Look for the line with "The George Eumorfopoulos" in the entries below, then extract that line and all lines after it exactly, with pictures left out.
[DATA — start]
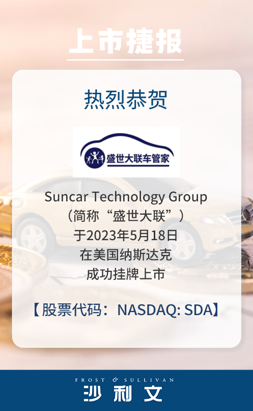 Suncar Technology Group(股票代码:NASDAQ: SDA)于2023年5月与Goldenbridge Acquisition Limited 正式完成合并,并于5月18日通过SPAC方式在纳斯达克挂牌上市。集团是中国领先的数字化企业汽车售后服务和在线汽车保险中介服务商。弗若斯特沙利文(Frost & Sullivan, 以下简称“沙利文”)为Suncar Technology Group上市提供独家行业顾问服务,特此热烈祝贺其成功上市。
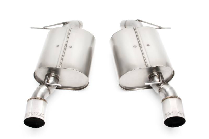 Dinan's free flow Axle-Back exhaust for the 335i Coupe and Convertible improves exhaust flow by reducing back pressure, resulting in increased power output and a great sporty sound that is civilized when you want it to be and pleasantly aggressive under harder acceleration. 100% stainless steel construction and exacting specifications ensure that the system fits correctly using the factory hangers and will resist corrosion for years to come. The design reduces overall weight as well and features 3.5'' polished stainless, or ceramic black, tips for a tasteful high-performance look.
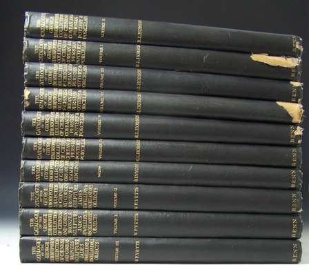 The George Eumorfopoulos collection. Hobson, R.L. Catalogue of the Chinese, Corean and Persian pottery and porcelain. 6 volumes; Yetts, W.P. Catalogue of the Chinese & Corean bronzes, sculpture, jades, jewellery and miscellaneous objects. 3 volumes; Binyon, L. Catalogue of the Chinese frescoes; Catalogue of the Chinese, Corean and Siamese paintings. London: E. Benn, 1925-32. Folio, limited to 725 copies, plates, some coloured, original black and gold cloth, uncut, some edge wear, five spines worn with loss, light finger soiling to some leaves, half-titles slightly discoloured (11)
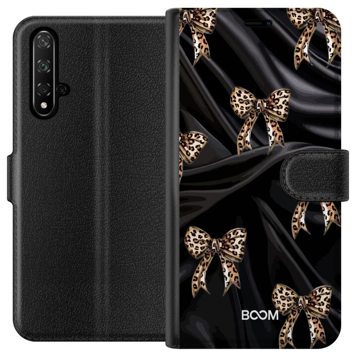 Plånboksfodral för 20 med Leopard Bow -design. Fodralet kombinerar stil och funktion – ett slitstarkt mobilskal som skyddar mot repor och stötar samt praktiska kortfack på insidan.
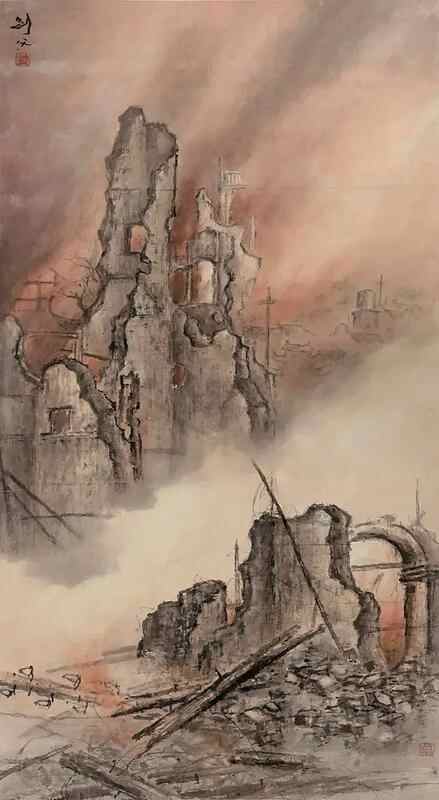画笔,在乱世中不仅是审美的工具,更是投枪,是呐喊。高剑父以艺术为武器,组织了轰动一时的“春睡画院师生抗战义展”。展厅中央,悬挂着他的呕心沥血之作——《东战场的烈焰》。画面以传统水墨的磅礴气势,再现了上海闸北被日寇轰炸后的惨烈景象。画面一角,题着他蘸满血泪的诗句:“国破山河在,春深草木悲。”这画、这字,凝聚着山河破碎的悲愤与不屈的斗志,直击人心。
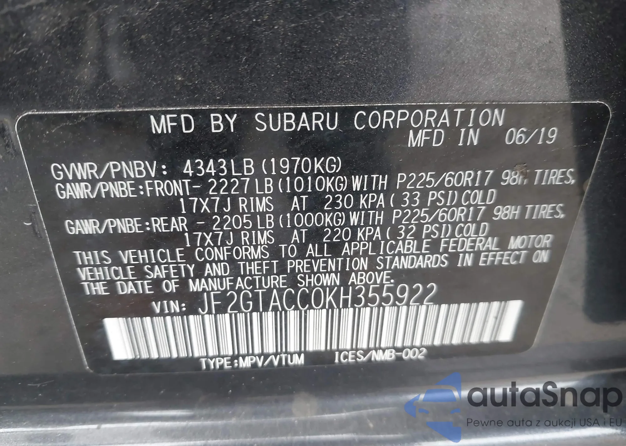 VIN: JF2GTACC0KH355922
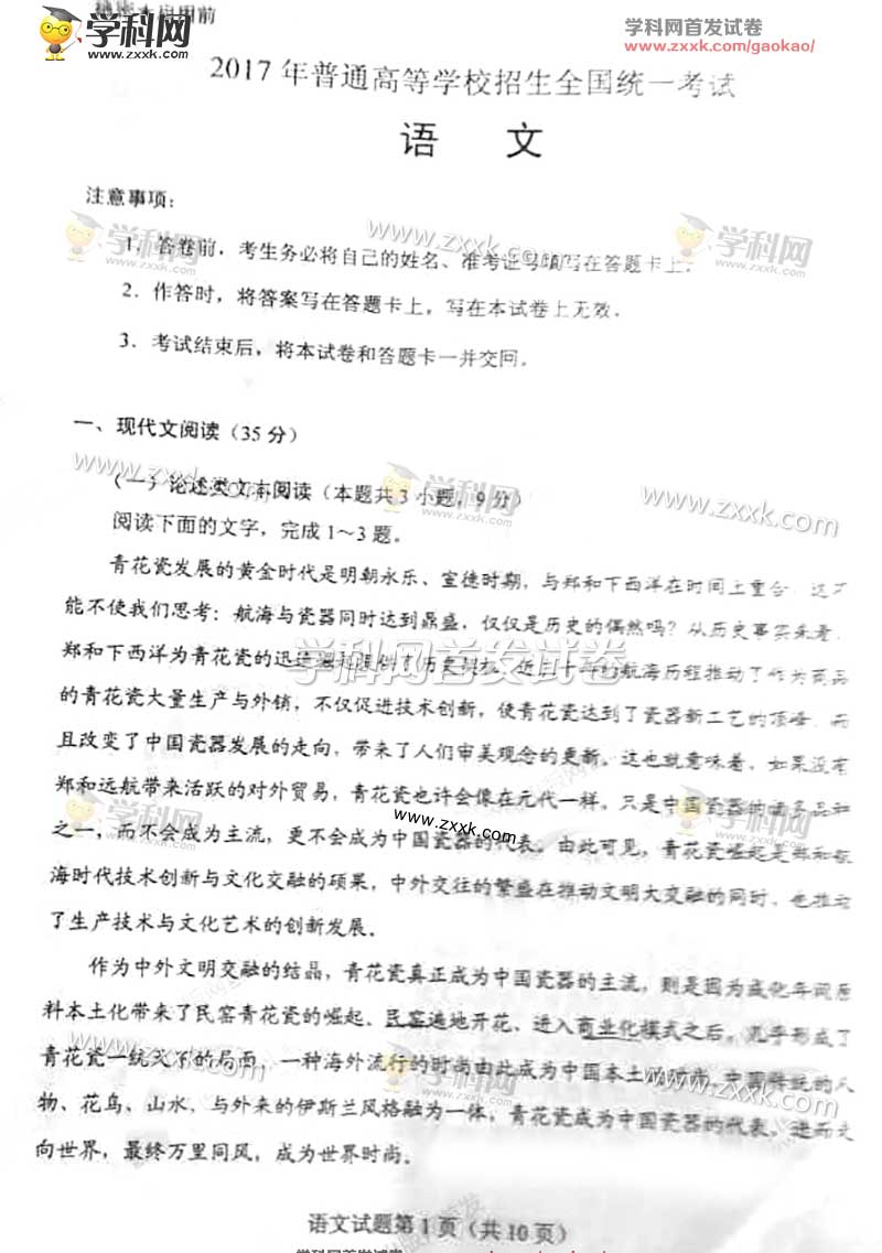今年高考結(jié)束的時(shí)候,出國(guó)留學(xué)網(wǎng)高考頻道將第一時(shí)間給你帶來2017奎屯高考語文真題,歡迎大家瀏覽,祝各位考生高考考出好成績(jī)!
[DATA — finish]
* EXPECTED ANSWER *
 The George Eumorfopoulos collection. Hobson, R.L. Catalogue of the Chinese, Corean and Persian pottery and porcelain. 6 volumes; Yetts, W.P. Catalogue of the Chinese & Corean bronzes, sculpture, jades, jewellery and miscellaneous objects. 3 volumes; Binyon, L. Catalogue of the Chinese frescoes; Catalogue of the Chinese, Corean and Siamese paintings. London: E. Benn, 1925-32. Folio, limited to 725 copies, plates, some coloured, original black and gold cloth, uncut, some edge wear, five spines worn with loss, light finger soiling to some leaves, half-titles slightly discoloured (11)
 Plånboksfodral för 20 med Leopard Bow -design. Fodralet kombinerar stil och funktion – ett slitstarkt mobilskal som skyddar mot repor och stötar samt praktiska kortfack på insidan.
画笔,在乱世中不仅是审美的工具,更是投枪,是呐喊。高剑父以艺术为武器,组织了轰动一时的“春睡画院师生抗战义展”。展厅中央,悬挂着他的呕心沥血之作——《东战场的烈焰》。画面以传统水墨的磅礴气势,再现了上海闸北被日寇轰炸后的惨烈景象。画面一角,题着他蘸满血泪的诗句:“国破山河在,春深草木悲。”这画、这字,凝聚着山河破碎的悲愤与不屈的斗志,直击人心。
 VIN: JF2GTACC0KH355922
今年高考結(jié)束的時(shí)候,出國(guó)留學(xué)網(wǎng)高考頻道將第一時(shí)間給你帶來2017奎屯高考語文真題,歡迎大家瀏覽,祝各位考生高考考出好成績(jī)!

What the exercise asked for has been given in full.